Together, the team decided to add questions to the survey regarding the specific region and language farmworkers are tied to, indigeneity and mental health.
Mize and Martinez said building on the work and trust that CBOs have created over the years and treating the study as a partnership was essential to its success.
“Health promoters that work for community based organizations know that, hierarchy-wise in a nonprofit, they’re down towards the bottom,” Mize said. “But the reality is they’re the people that farmworkers trust. They’re the people, almost always women, who are in farmworker communities at the schools and houses, at the health care clinics, all of those places where farmworkers see a community based organization, they see that person. And that’s who we worked with.”
COFS compensated partners for their work in kind, a component Martinez said was key to earning CBOs trust, and the 300 farmworkers who responded to the survey received $50, distributed according to the local CBO’s method of choice.
What’s next?
The study lists 15 recommendations for action centered around reducing the barriers to information and resources that farmworkers experience. The final recommendation is to “establish a center for farmworker research that is rooted in community-based and collaborative research that can continue the effort of this study.”

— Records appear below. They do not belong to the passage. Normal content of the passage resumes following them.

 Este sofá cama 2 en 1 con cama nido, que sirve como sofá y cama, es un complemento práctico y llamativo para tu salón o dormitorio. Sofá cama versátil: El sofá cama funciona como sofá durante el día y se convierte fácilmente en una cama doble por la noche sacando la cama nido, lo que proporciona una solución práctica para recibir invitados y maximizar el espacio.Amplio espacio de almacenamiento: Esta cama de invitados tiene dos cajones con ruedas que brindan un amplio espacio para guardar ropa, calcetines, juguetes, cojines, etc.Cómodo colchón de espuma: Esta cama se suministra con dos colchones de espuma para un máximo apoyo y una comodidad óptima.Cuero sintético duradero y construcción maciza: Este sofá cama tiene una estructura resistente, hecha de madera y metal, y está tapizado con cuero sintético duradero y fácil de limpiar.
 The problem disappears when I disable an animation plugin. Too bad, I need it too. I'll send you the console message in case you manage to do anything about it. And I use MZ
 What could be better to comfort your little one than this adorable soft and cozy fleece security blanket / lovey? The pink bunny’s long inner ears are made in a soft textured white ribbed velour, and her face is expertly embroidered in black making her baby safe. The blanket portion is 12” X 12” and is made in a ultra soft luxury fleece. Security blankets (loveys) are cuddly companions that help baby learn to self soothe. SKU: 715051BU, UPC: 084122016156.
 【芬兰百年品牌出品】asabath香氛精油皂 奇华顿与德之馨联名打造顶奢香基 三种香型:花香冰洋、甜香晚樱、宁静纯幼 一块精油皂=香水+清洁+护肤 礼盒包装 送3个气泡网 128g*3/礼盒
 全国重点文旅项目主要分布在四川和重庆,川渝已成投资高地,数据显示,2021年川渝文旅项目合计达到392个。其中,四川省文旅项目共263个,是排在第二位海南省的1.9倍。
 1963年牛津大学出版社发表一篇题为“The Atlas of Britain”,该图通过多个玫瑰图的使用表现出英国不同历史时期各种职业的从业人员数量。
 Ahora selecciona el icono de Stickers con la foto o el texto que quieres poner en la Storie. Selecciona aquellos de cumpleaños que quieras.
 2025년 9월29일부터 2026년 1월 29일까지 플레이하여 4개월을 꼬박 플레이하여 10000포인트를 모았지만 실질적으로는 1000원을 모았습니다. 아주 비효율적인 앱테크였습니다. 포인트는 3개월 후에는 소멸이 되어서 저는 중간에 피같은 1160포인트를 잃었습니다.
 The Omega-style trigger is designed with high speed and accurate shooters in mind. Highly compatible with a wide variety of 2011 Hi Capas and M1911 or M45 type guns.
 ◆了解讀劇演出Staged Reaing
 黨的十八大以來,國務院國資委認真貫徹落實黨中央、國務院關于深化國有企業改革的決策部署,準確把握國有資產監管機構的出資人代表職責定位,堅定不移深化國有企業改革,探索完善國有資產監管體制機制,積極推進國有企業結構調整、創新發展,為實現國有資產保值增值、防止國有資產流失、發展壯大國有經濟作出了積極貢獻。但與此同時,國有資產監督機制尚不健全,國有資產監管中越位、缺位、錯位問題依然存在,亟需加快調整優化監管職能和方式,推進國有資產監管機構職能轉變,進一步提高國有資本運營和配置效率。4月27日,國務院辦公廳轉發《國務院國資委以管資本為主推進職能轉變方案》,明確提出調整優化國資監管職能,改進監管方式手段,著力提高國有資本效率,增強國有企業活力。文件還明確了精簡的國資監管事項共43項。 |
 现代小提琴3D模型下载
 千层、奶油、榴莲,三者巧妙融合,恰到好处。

This first report is focused on data and metrics, Martinez said, in the hopes of broadening communal understanding of farmworker struggles as well as catching lawmakers’ attention.
Over 200 people came to the first press conference last September, including county commissioners and other policy-makers, Stephen said. Since then, COFS has been in contact with OHA, Oregon Gov. Kate Brown and U.S. Secretary of Labor Marty Walsh, she said.
This group will continue the research moving into phase two, which includes approximately 50 qualitative interviews, as well as podcasts in Spanish and Mesoamerican languages to get the results back to farmworkers.
“Here, we really want to tell people and illustrate to people how these statistics impact one person,” Martinez said.
COFS is seeking support from the Ford Family Foundation and other organizations for this next phase and hopes to have a second report by the end of the year.
“If you’re a human being and you put food in your mouth, you should care,” Mize said.